======== Data segment ========

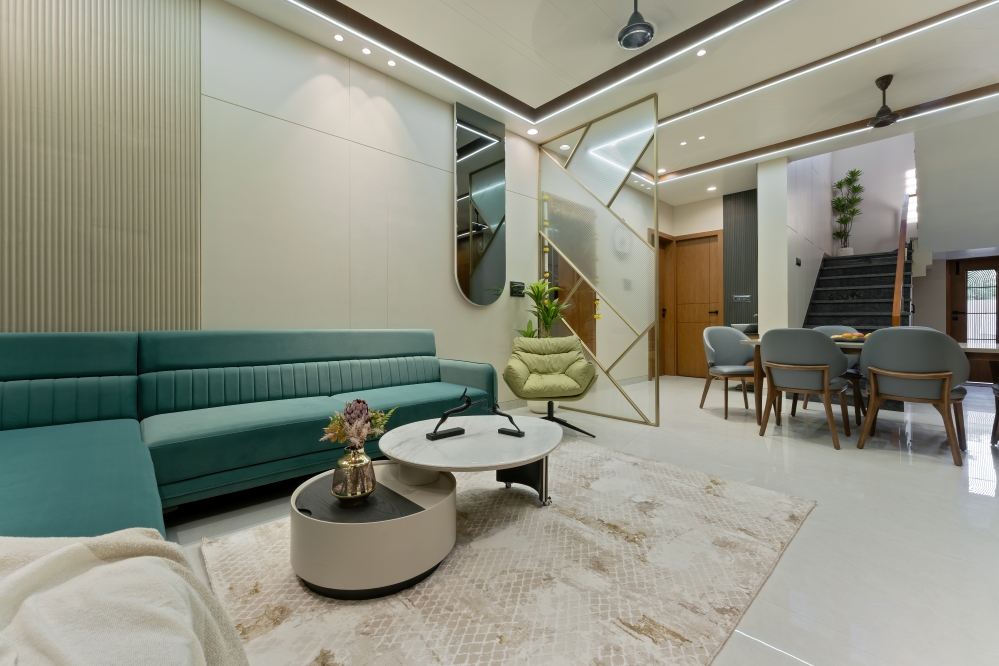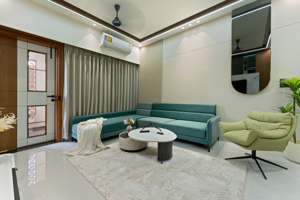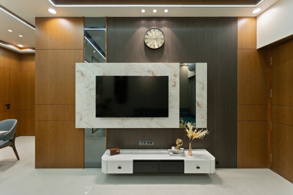 The living area unfolds as a well-balanced composition of comfort and sophistication. A plush sectional sofa anchors the space, paired with nested centre tables that add functionality without visual clutter. The TV unit becomes a statement element, featuring wooden panelling, fluted textures, and a marble-finished backdrop. Mirrors, soft furnishings, and a layered lighting scheme enhance spatial depth, while the neutral palette allows décor accents to subtly elevate the setting. Layered textures, plush furnishings, and elegant ceiling decor create a warm yet sophisticated space for relaxation and social gatherings.
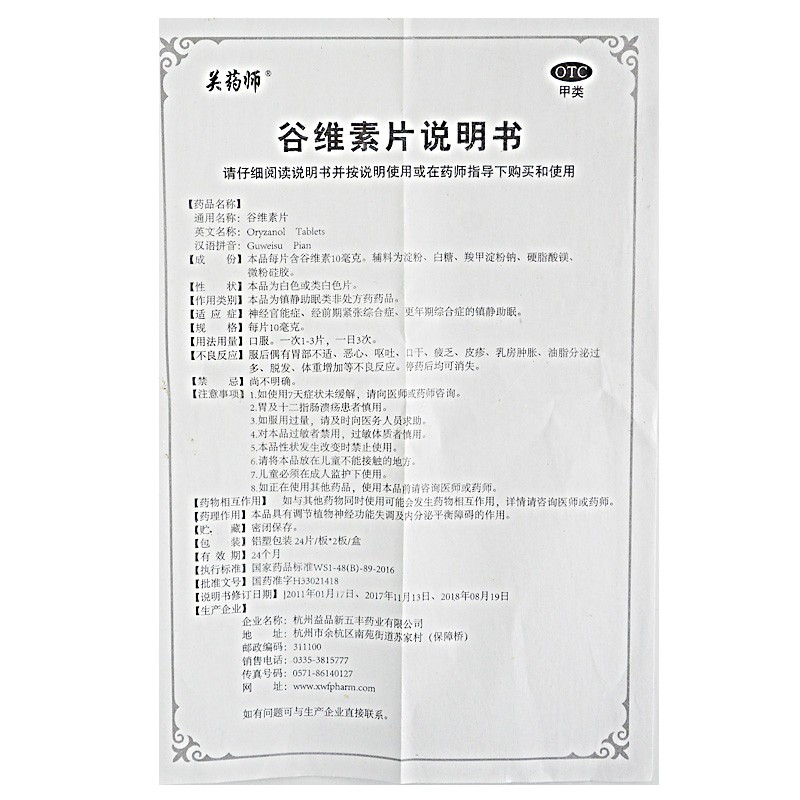 - 商品名称:关药师 谷维素片 10mg*24片*2板
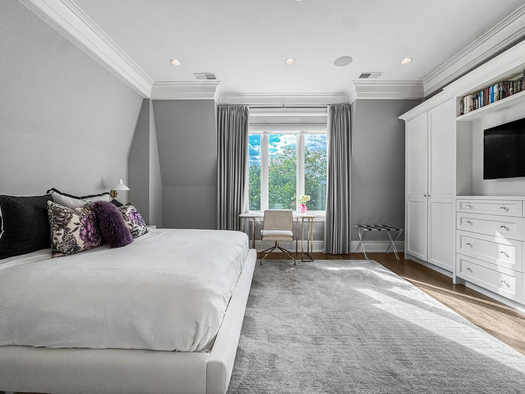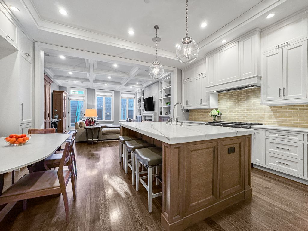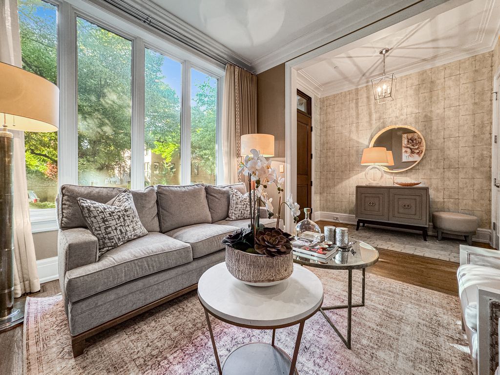 This exceptional 6,200+ square-foot, six-bedroom home on coveted Burling Street offers the best of city living. Behind its classic limestone facade lies sophisticated, high-end finishes, a four-stop passenger elevator, incredible outdoor space, and a heated, attached 2+-car garage. The main level is designed for entertaining, featuring 4" rift-sawn oak floors, elegant crown molding, two fireplaces, custom window treatments (including motorized shades), and built-in speakers. The kitchen and butler's pantry are outfitted with premium Sub-Zero, Wolf, and Bosch appliances, a large island with breakfast bar seating, and a built-in banquette. The adjoining family room includes a coffered ceiling and a fireplace flanked by custom cabinetry, seamlessly blending with the kitchen's design. Each of the six bedrooms includes its own full bath, complemented by two additional powder rooms for guests. Bath fixtures include top-tier brands such as Kallista. The luxurious primary suite features a spacious bedroom with a custom entertainment center, dual walk-in closets, and a spa-inspired bath with dual vanities, a steam shower, and a freestanding tub. Additional highlights include professionally organized closets throughout, two laundry centers, a mudroom, a three-zone HVAC system, radiant heat in the home, garage, and front steps, plus a Generac generator for added peace of mind. Ideally located, this home is walking distance to nearby popular restaurants, Steppenwolf Theatre, the Apple Store, Whole Foods, the Red Line, and top-rated public and private schools, including Latin, Parker, Catherine Cook, and Lincoln Park High School. Homes with this combination of quality, size, and location rarely come to market-don't miss the opportunity to make it yours.

========

Task goal => Without the images, write out each line of the data verbatim.

Answer to this exercise =>
 The living area unfolds as a well-balanced composition of comfort and sophistication. A plush sectional sofa anchors the space, paired with nested centre tables that add functionality without visual clutter. The TV unit becomes a statement element, featuring wooden panelling, fluted textures, and a marble-finished backdrop. Mirrors, soft furnishings, and a layered lighting scheme enhance spatial depth, while the neutral palette allows décor accents to subtly elevate the setting. Layered textures, plush furnishings, and elegant ceiling decor create a warm yet sophisticated space for relaxation and social gatherings.
 - 商品名称:关药师 谷维素片 10mg*24片*2板
 This exceptional 6,200+ square-foot, six-bedroom home on coveted Burling Street offers the best of city living. Behind its classic limestone facade lies sophisticated, high-end finishes, a four-stop passenger elevator, incredible outdoor space, and a heated, attached 2+-car garage. The main level is designed for entertaining, featuring 4" rift-sawn oak floors, elegant crown molding, two fireplaces, custom window treatments (including motorized shades), and built-in speakers. The kitchen and butler's pantry are outfitted with premium Sub-Zero, Wolf, and Bosch appliances, a large island with breakfast bar seating, and a built-in banquette. The adjoining family room includes a coffered ceiling and a fireplace flanked by custom cabinetry, seamlessly blending with the kitchen's design. Each of the six bedrooms includes its own full bath, complemented by two additional powder rooms for guests. Bath fixtures include top-tier brands such as Kallista. The luxurious primary suite features a spacious bedroom with a custom entertainment center, dual walk-in closets, and a spa-inspired bath with dual vanities, a steam shower, and a freestanding tub. Additional highlights include professionally organized closets throughout, two laundry centers, a mudroom, a three-zone HVAC system, radiant heat in the home, garage, and front steps, plus a Generac generator for added peace of mind. Ideally located, this home is walking distance to nearby popular restaurants, Steppenwolf Theatre, the Apple Store, Whole Foods, the Red Line, and top-rated public and private schools, including Latin, Parker, Catherine Cook, and Lincoln Park High School. Homes with this combination of quality, size, and location rarely come to market-don't miss the opportunity to make it yours.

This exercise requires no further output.